Bagian 1
Anda
Siapa ?
Suha ! Suha !!
“Brisikkk !!! siapa sih
?” Mata aku terbuka lalu berjalan menuju jendela, kemudian ku geser gordeng
yang mengenai pandangku. Terlihat bocah dengan dandanan aneh berdiri didepan
gerbang rumahku.
“Ada apa Is ? brisik
amat dah!”
“Woyy !! Ayo berangkat.
Udah siang nih. Bisa telat kita !!” Terdengar sayut-sayut teriakan dari bawah.
Dengan nyawa belum
sepenuhnya terkumpul pada ragaku, ku inget-inget apa yang terjadi pada Isti. Ia
mengenakan seragam SMP dengan tas yang ku lihat seperti terbuat dari karung tepung
dengan kuncir banyak di rambutnya. Aku ingat, ini haru perdanaku bersekolah di
sekolah baruku.
“Waduhh!!!. Ia sebentar
aku mandi dulu” Aku terkejut ketika jam dinding dikamarku menunjukkan pukul
05.30. Ku tarik handuk yang menggangtung dibalik pintu kamarku dan bergegas lari ke kamar mandi
“Ya ampun, nyantai
bener ya” Ucap Isti dengan muka lusu nan frustasi.
“Bu, Pa, jalan dulu ya”
Aku pamit.
“Hati-hati, Isti sudah
menunggumu diluar sejak tadi. Ini uang sakumu” Restu Ibu dan Bapak sambil
mengulurkan tangan kanannya.
“Ia Bu, Pa.
Assalamualaikum”
“Waalaikumusalam”
Terdengar jawaban serempak.
Dengan rambut dan
pakaian masih acak-acak, aku lari menuju sumber speaker cempreng dibalik gerbang rumah. Beruntung, semua barang
bawaan dan atribut sekolah sudah ku siapkan sejak tadi malam.
“Pagi-pagi udah teriak-teriak,
udah kaya Tarzan aja” Sapaku dengan menepuk punda Isti.
“Lama banget sih
dandanya, besok-besok kalo ngaret gini, gue tinggalin ya” Ancamnya.
“Ia deh, aku minta
maaf. Ayo berangkat, kita udah telat nih.”

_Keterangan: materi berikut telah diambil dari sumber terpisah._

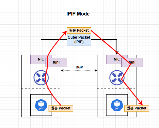IPIP 터널링 모드는 다른 노드간 Pod 통신 시, Pod 정보에 IP헤더를 추가하는 방식입니다.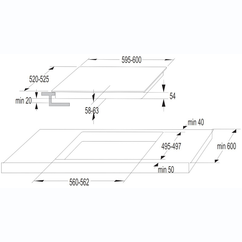 Korting HI 64042 B - схема встраивания с размерами к варочной панели на разных языках на Hausdorf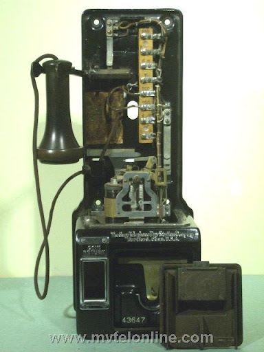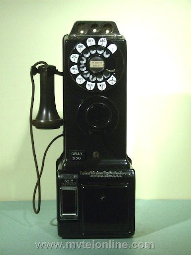 Gray #50G, this seems to be the model everyone looks for, the 50G is a 5 cent automatic payphone or paystation. This one is of a late production run, it has a steel upper and backboard vs. the earlier cast iron ones. While this antique payphone wasn't made for the "Bell System" it does have components made by Western Electric including the dial & shroud, the transmitter and the receiver. View my article Gray 50G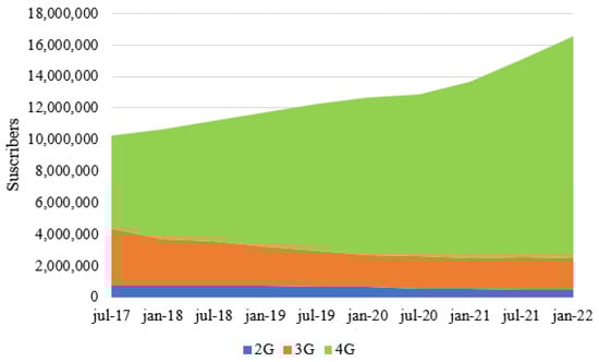 - CRC. Tráfico de Internet Móvil en Colombia se Incrementó en 94.5% en Tercer Trimestre de 2021. Available online: https://www.crcom.gov.co/es/noticias/comunicado-prensa/trafico-internet-movil-en-colombia-se-incremento-en-945-en-tercer#:~:text=Enseptiembrede2021%2Cla,35%2C7 (accessed on 28 June 2022).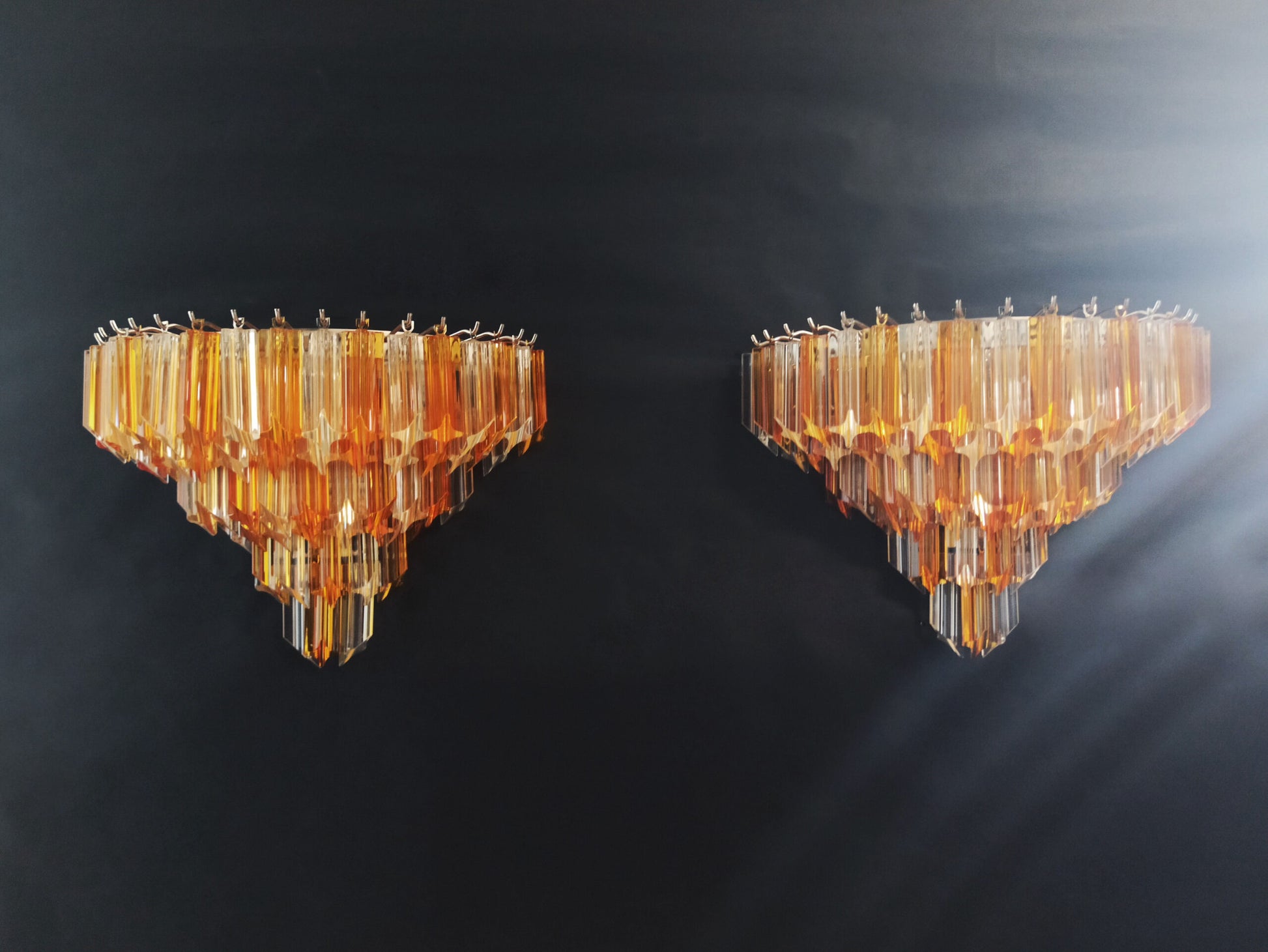 Dette mesterverket av en italiensk vegglampe er prydet med 63 Klare Gule Prismeformede Murano-glass. Med sine 63 håndblåste glass vil denne vegglampen utvilsomt være et blikkfang i ethvert rom den plasseres i. Rammen kommer standard i sølv patinert kromfarget (som på bildene), men kan også fås i matt gull, skinnende gull og skinnende krom.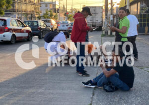 Siendo en ese momento cuando un trabajador petrolero abordo de una motocicleta, presuntamente rebasaba por la derecha, situación que hizo que impactará al masculino que iba descendiendo.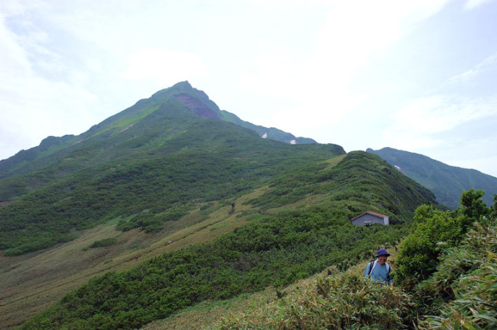 | 7合目の看板に「大曲」とありますように、ここからが、クネクネとした辛い登りとなりました。しかも、天候はどんどん悪くなり、風雨除けとなるような、岩や木々もあまりなく、稜線をものすごい速度で通過してゆく雲にさらされているような状態になりました。途中、大き目の岩がありましたので、そこで、しばし、風雨をしのぎましたが、これは、ちょっと登頂は無理かな〜、と思い出しました。妻も、かなりヘバリ気味です…。その頃、2人の若い男性が私たちを追い抜いて行きました。午前3時頃3合目を登り始めたようですが、我々、2時間のアドバンテージがありながら、早くも越されてしまった…。さすが、健脚家は違います…。 でも、8合目先にある避難小屋まではなんとか行って、温かいご飯にあずかりたい!という思いをバネに、なんとか先へ進みます。 しかも、7合目までは比較的、急な勾配も無く、1合ずつの間隔も短く、あれ!?もう7合目!?と早く感じられたのですが、ここからが、長く急な登坂となり、荒天も相まって、妻も脱落寸前!? 当然、カメラなど出すこともできず、ひたすら我慢の登り…。 そして、7合目から登ること1時間40分、午前5時50分頃にようやく8合目へ到着! この7合目から8合目までの間で、利尻山の厳しさを味わいました。もう、なんて大変な登山なんだ〜と思わされました…。 しかし、8合目の長官山というところから見る利尻山頂の美しいことと言ったら…。なんだか、この勇壮な眺めを目にすると、今までの疲れがフッとなくなるかのような感覚でした。 幸い雨は上がったものの、好天とは言えない状況ではありましたが、本当に素晴らしい景色でした。山の厳しさと素晴らしさを短時間で味わった印象です。 この眺めが青空だったら、どんなに素晴らしいのだろう…、と想像してしまいます。 |
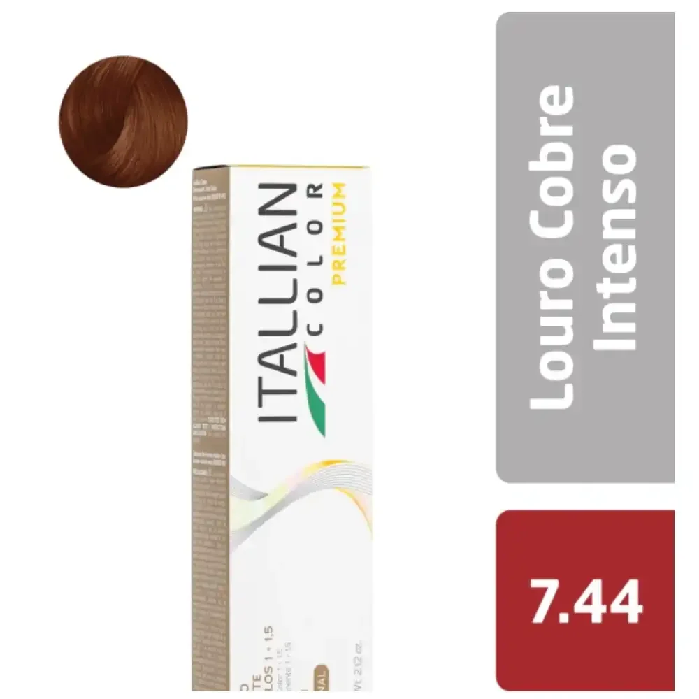 Coloração Itallian Color Premium Louro Cobre Intenso 7.44 60G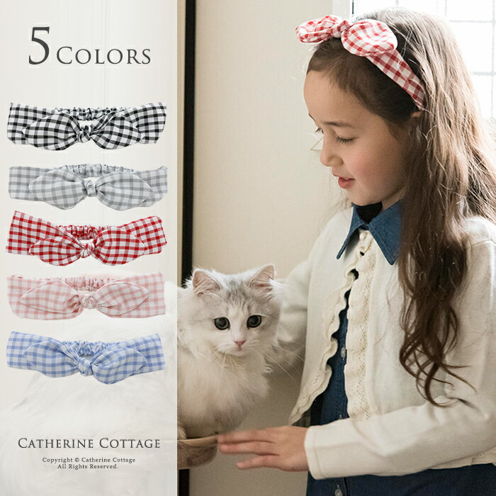 ギンガムチェックリボンのヘアバンド 送料無料 [ キッズ ヘアターバン リボンターバン 子供 女の子 赤 黒 ピンク 水色 ブルー グレー ブラック レッド ヘアアクセサリー アクセサリー カジュアル 春 夏 秋 冬 楽天 通販 ]キャサリンコテージ YUPS4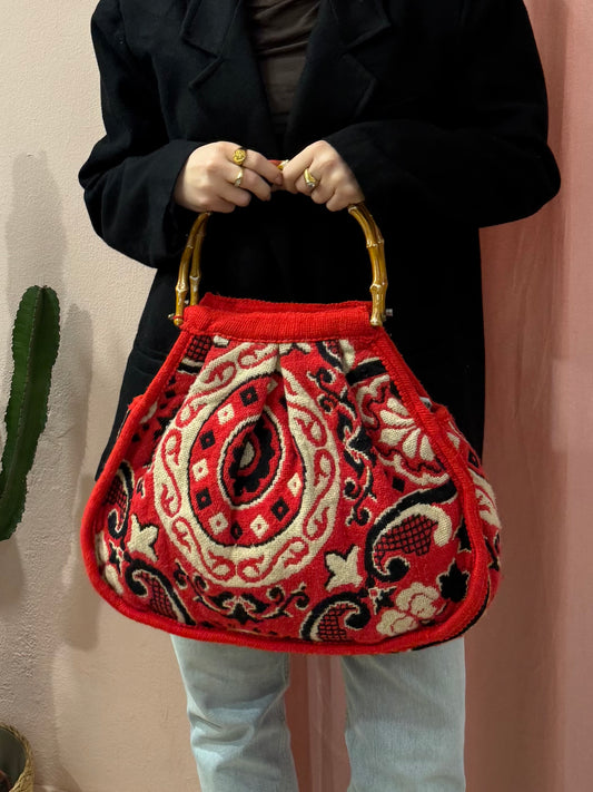 Borsa in lana con manico bamboo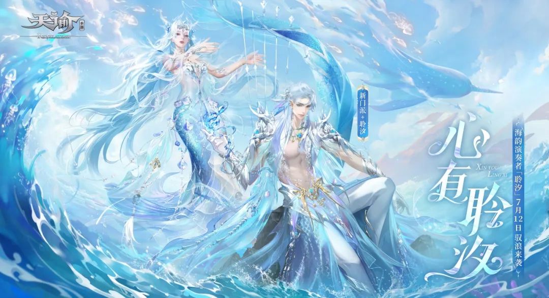 海韵演奏者「聆汐」7月12日驭浪来袭!海量更新内容,极致视听体验,尽在「心有聆汐」海洋主题资料片! 前日小谕逛到苏澜湾,听到一位说书人正绘声绘色地说着聆汐一族的传说。 传说中,天下万物都随着潮汐从水中诞生。为守护海洋生命的安宁,美丽强大的海洋女神将自己的神识打散为纯粹的力量寄存于海洋中。从此,只要潮汐还在,海洋女神的神识就不会消灭。 汐族传承女神意志,信仰和敬畏着海洋女神,每年海神祭典仪式前都会选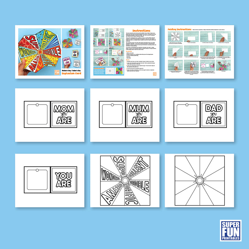 The 'explosion' effect is created using a folding technique that tucks a square page inside a smaller, square card base. When you open the card, the design pops open! Printable step-by-step photos and instructions are included in the template.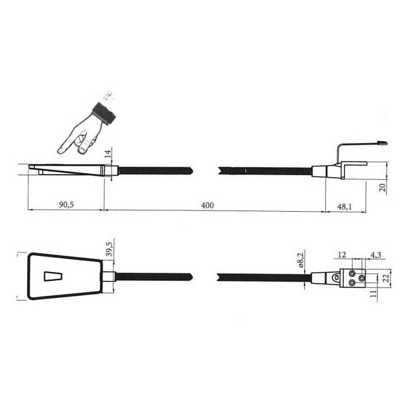 Spot équipé d'un interrupteur sensitif à 3 niveaux de luminosité sur tête de la lampe. Flexible longueur 400 mm. Fixation équerre pour pose sur chant. Livré avec alimentation séparée avec câble secteur longueur 1800 mm.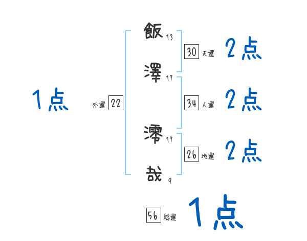 飯澤澪哉さんの画数の鑑定結果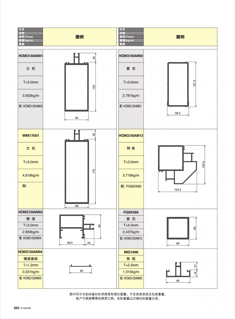 HCMQ130A、175系列明框(65寬)

Ku tarik tangan Isti. Dari belakang Ia mengimbangiku. Kami berdua melaju
secepat mungkin, dengan tujuan estimasi waktu yang seminim mungkin. Aku fikir,
jika memang telat setidaknya hukuman yang didapatkan tidaklah begitu berat.
“Ahhhhh lama banget sih
nih mobil, kesell” Gumam Isti dengan
wajah merah dengan bibir diruncingkan dan pipi dikembangkannya.
“Kalem aja lah Is,
nanti juga lewat. Lagian kita nunggu mobil yang mana sih ?” Ucapku konyol.
“Kita cari mobil elf
dengan jurusan Losari, kita kan mau kesana. Kamu sih pake acara kesiangan
segala” Ujarnya dengan nada kesal sembari melipatkan kedua tangannya kedepan
perutnya.
“Iaa deh maaf. Eh itu .
. . . . .” Sepontan jari ku menunjuk salah satu angkutan umum. Iya, selagi aku meminta
maaf ke Isti, elf dengan tujuan Losari lewat dengan gagahnya dengan mengabaikan
keberadaan kami.
“swegggggg . . . . .”
“ >-< ” Perlahan
Isti memdekatiku, dan mencekikku. Mampuss.
*****
Waktu
menunjukkan 06.10. Kami langsung lari setelah turun dari mobil yang ditunggangi.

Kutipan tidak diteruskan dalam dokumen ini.